Overview
The goal of this clinical trial is to learn if treatment modality including albumin-bound paclitaxel, oxaliplatin, tegafur,gimeracil and oteracil porassium capsules (SOX) and sintilimab works to treat locally advanced HER2-negative hepatoid adenocarcinoma of stomach. It will also learn about the safety of this modality.
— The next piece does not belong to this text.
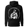 Svart hoodie i unisex-modell tillverkad i en extra fin kvalitet i blandad bomull och polyester. Baksidan är dekorerad med ett alternativt tryck med en brinnande kyrka och texten ’Give light and darkness will disappear’. Hoodien håller värmen riktigt bra och har ett otroligt mjukt tyg.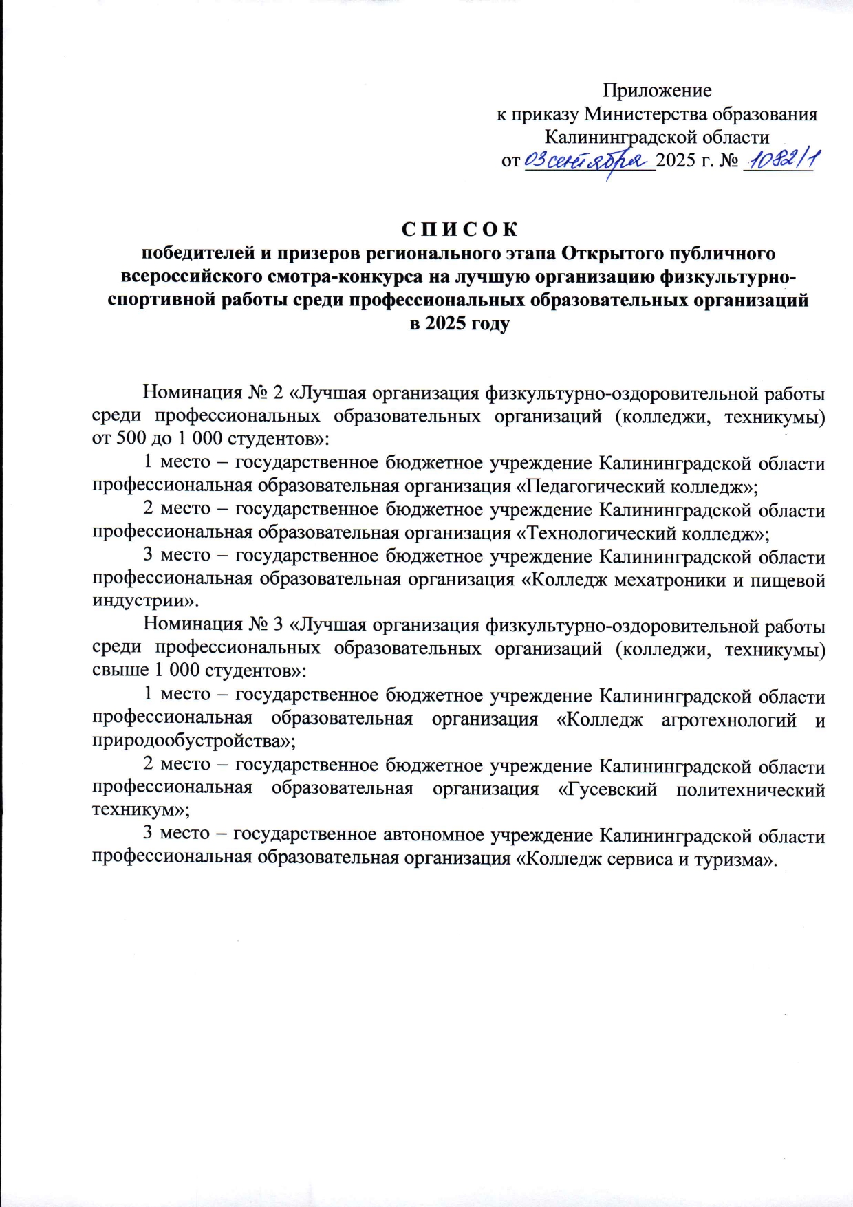 Ежегодно Министерством образования Калининградской области среди профессиональных образовательных организаций проводится публичный конкурс на лучшую организацию физкультурно-спортивной работы.

The main aim it aims to achieve are:
- To evaluate the perioperative efficacy of albumin-bound paclitaxel combined with sintilimab and SOX in the treatment of locally advanced HER2-negative hepatoid adenocarcinoma of stomach
- To evaluate the safety and long-term benefits of albumin-bound paclitaxel combined with sintilimab and SOX regimens in perioperative treatment of locally advanced HER2-negative hepatoid adenocarcinoma of stomach
Participants will:
- Preoperative treatment with abumin-bound paclitaxel, SOX and sintilimab for 4 cycles
- Radical surgery after 4-6 weeks of the preoperative treatment
- Adjuvant treatment with albumin-bound paclitaxel, tegafur,gimeracil and oteracil porassium capsules and sintilimab for 4 cycles
Eligibility
Inclusion Criteria:
- The histological type of gastric hepatoid adenocarcinoma was confirmed by pathological biopsy;
- HER2 negative (Immunohistochemistry: 0);
- Patients with clinical stage II-III;
- Those who are expected to complete R0 excision;
- ECOG score 0\~1;
- Generally in good condition, perioperative treatment and surgical resection can be tolerated;
- Patients were enrolled voluntarily.
Exclusion Criteria:
- Combined with other malignant tumors (excluding thyroid papillary carcinoma, facial basal cell carcinoma and other low-grade malignant tumors); -Patients with obstruction, bleeding, etc. who need surgical intervention after evaluation by clinicians;
- dMMR/MSIH status;
- Received other anti-tumor therapy before enrollment.